While the Type N was a clean, streamlined aircraft, it was not easy to fly due to a combination of stiff lateral control caused by using wing warping instead of ailerons, sensitive pitch and yaw controls caused by using an all flying tail, and very high landing speed for the period. The Type N mounted a single unsynchronized forward-firing 7.9 mm Hotchkiss machine gun which used the deflector wedges first used on the Morane-Saulnier Type L, in order to fire through the propeller arc.
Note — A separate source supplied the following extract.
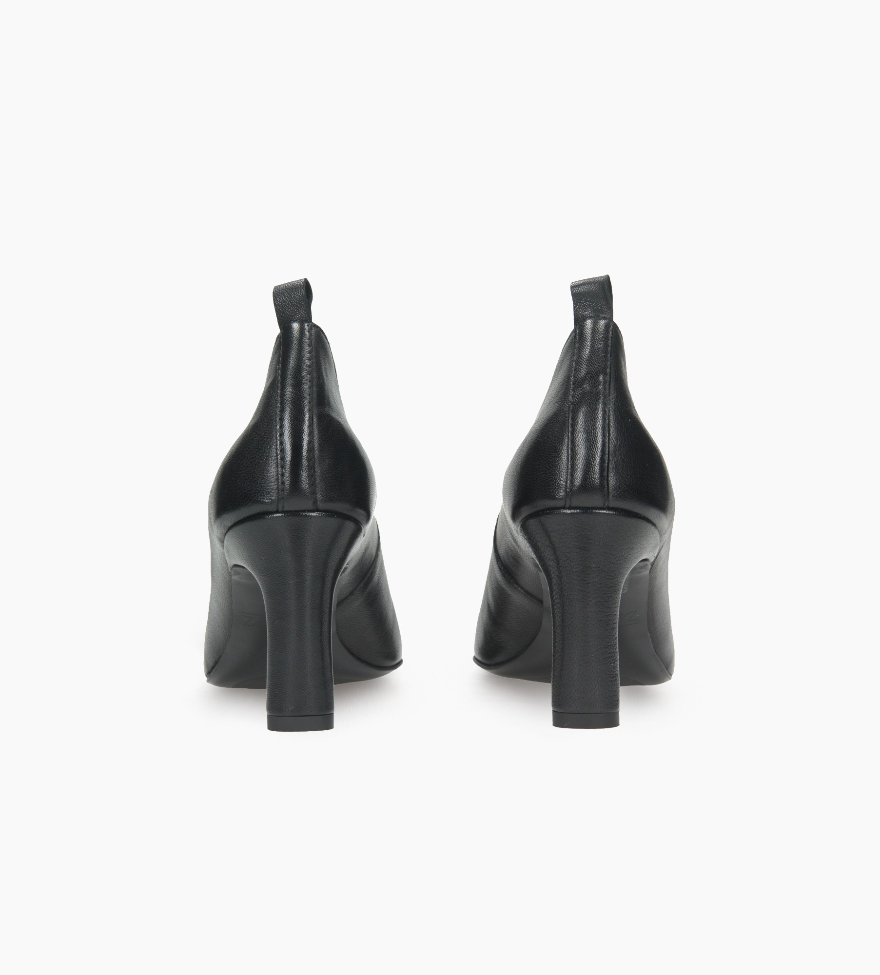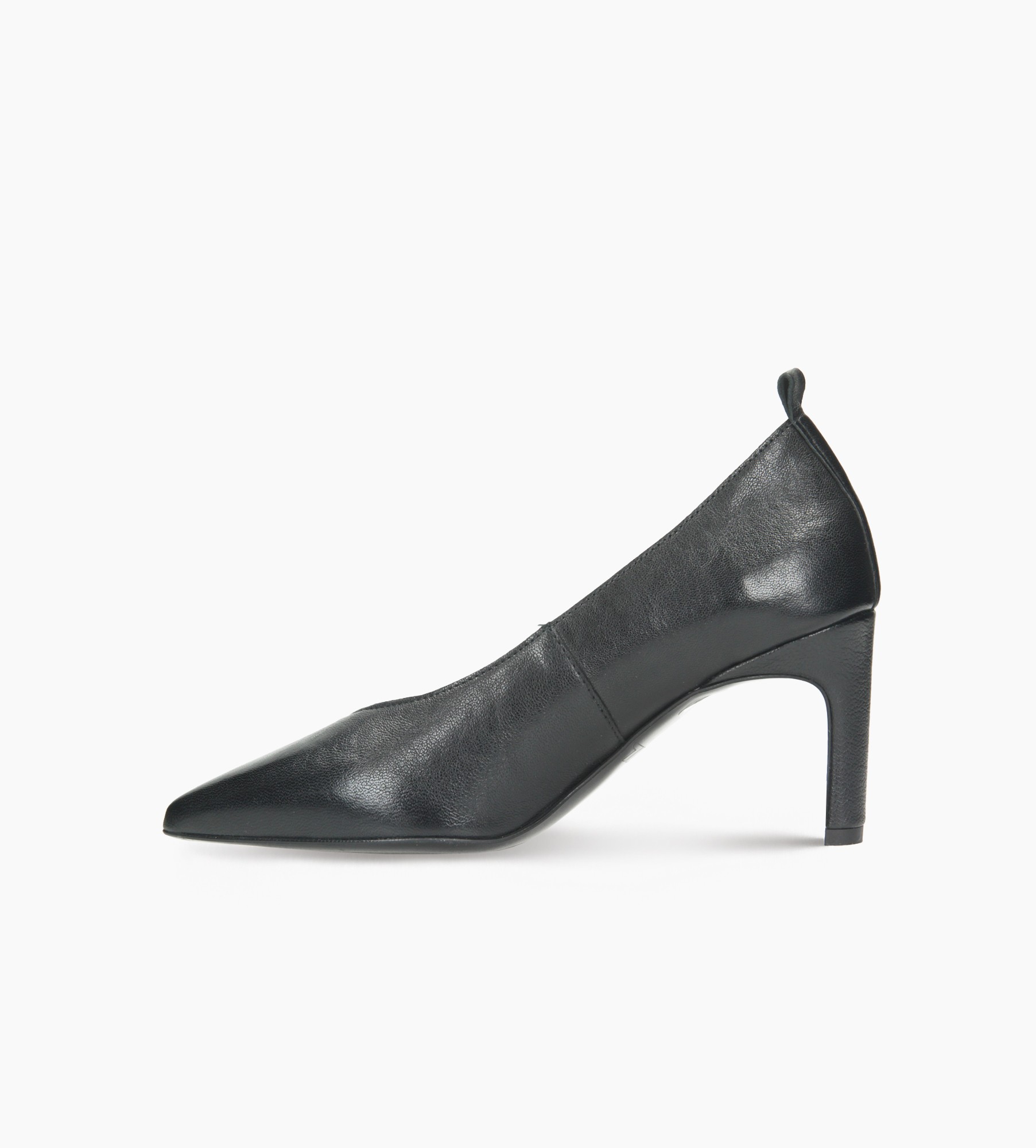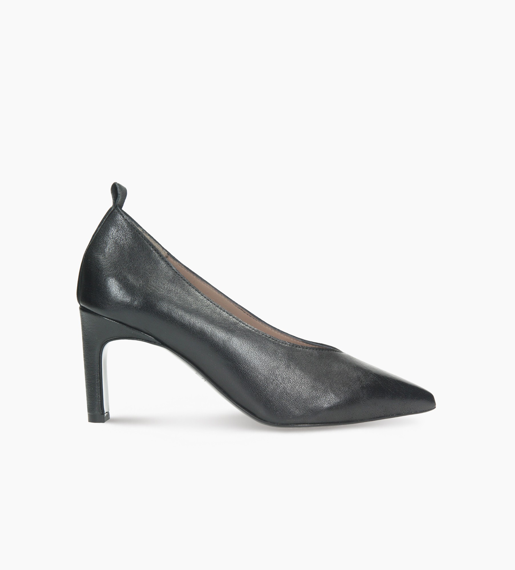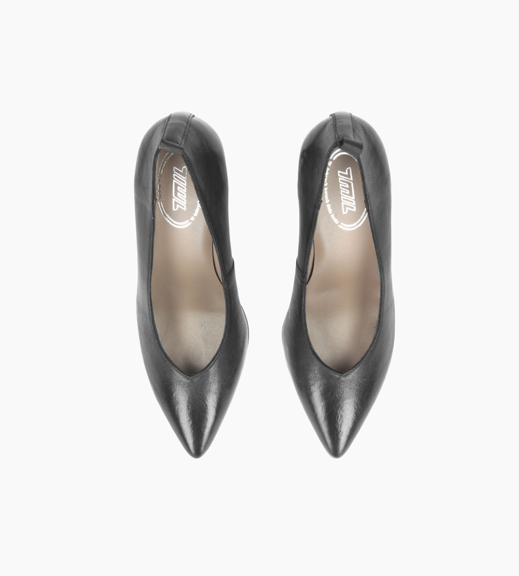 Czarne czółenka to połączenie klasycznego stylu z niezrównaną wygodą. Wykonane z najwyższej jakości naturalnej skóry cielęcej, wyróżniają się wyjątkową miękkością. Wnętrze buta zostało wyściełane delikatną skórą jagnięcą, co zapewnia stopom doskonałą oddychalność oraz maksymalny komfort nawet podczas wielogodzinnego noszenia. Precyzyjnie wyprofilowane wycięcie w delikatny szpic subtelnie wydłuża stopę, dodając sylwetce lekkości i elegancji. Model osadzony jest na stabilnym, komfortowym obcasie o nowoczesnym fasonie, który zapewnia idealne podparcie oraz swobodę ruchu, sprawiając, że każdy krok staje się pewny i stylowy.

The later I and V types used a .303-in Vickers machine gun.

A large metal "casserolle" spinner, appearing much like those used on the Deperdussin Monocoque pre-war racer of 1912, was designed to streamline the aircraft; but caused the engines to overheat. In 1915, the spinners were removed and the overheating problems disappeared with little loss in performance.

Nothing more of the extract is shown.